The Maryland State Board of Elections yesterday said a petition for a referendum that would bar early voting has failed to get enough signatures.

The petition fell 138 signatures short of the 17,062 needed to put the referendum on November’s ballots, said Donna Duncan, deputy administrator of the elections board.

Thomas W. Roskelly, chairman of group that collected the petition signatures, demanded a public recount.

“This whole thing is being done in private,” said Mr. Roskelly, who learned of the signature shortfall from reporters. “Is politics involved in this whole process? The answer is: ‘You bet.’”

Election officials were recounting the signatures yesterday, and Mr. Roskelly will receive formal notice of the count today, Ms. Duncan said.

On Monday, the State Board of Elections reported it had certified nearly 40,000 signatures on the petition, which the Annapolis-based group Marylanders for Fair Elections submitted May 30.

The group says the early voting law enacted by Democratic-controlled General Assembly this year invites voter fraud. The law allows voting in certain precincts as early as five days before Election Day.

Gov. Robert L. Ehrlich Jr., a Republican seeking re-election this fall, vetoed the early voting legislation last year and supported the petition drive, citing the potential for voter fraud.

An Ehrlich spokesman yesterday declined to comment before the State Board of Elections makes a formal announcement about the petition’s status.

Democratic lawmakers overrode Mr. Ehrlich’s veto of the early voting measure during this year’s regular session.
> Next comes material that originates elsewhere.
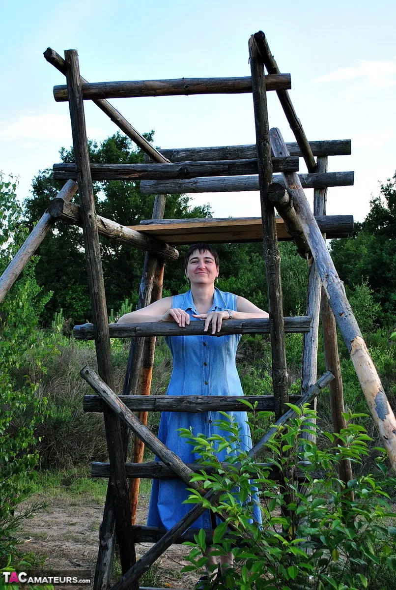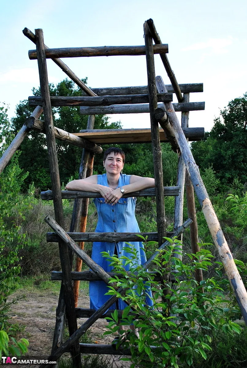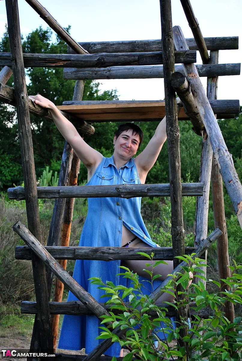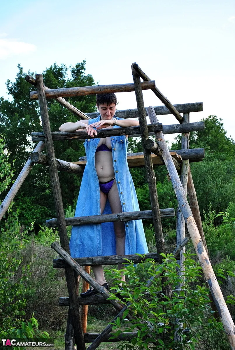 Discovered a perch during a walk.Climbed straight up in a jeans dress.I unbuttoned it and showed you my lingerie underne

Maryland Democratic Party spokesman David R. Paulson said he was not surprised the petition appears to have fallen short.

“The voters saw through the baseless accusations and rejected [the governor’s] effort to suppress voter turnout,” he said. “Maryland is joining the majority of other states in this country that have early voting programs to increase voter participation.”

Some form of early voting is conducted in more than 20 states.

Mr. Roskelly, who was told Monday that he had enough signatures, questioned the petition’s sudden reversal of fortune.

He noted that the signature shortfall was discovered a day after Democratic lawmakers held a press conference to criticize the petition effort.

“The confidence is kind of striking,” Mr. Roskelly said.

Maryland’s elections board has been a partisan battleground during Mr. Ehrlich’s tenure. Democratic lawmakers intervened to save the job of elections board Administrator Linda H. Lamone, whom Mr. Ehrlich was seeking to oust.

“There should be a public recount with every media outlet in the room while they do it,” Maryland Republican Party spokeswoman Audra Miller said.

Under state law, an act of the General Assembly becomes a ballot question if a petition is signed by 3 percent of the number of voters who voted in the last gubernatorial election.

The early-voting petition needed a total of 51,185 signatures.

The first third of the signatures — 17,062 — were due May 30. That portion of the petition appears to have come up short.

The remaining 34,123 signatures were due June 30, but a failure to submit the first batch disqualifies the effort.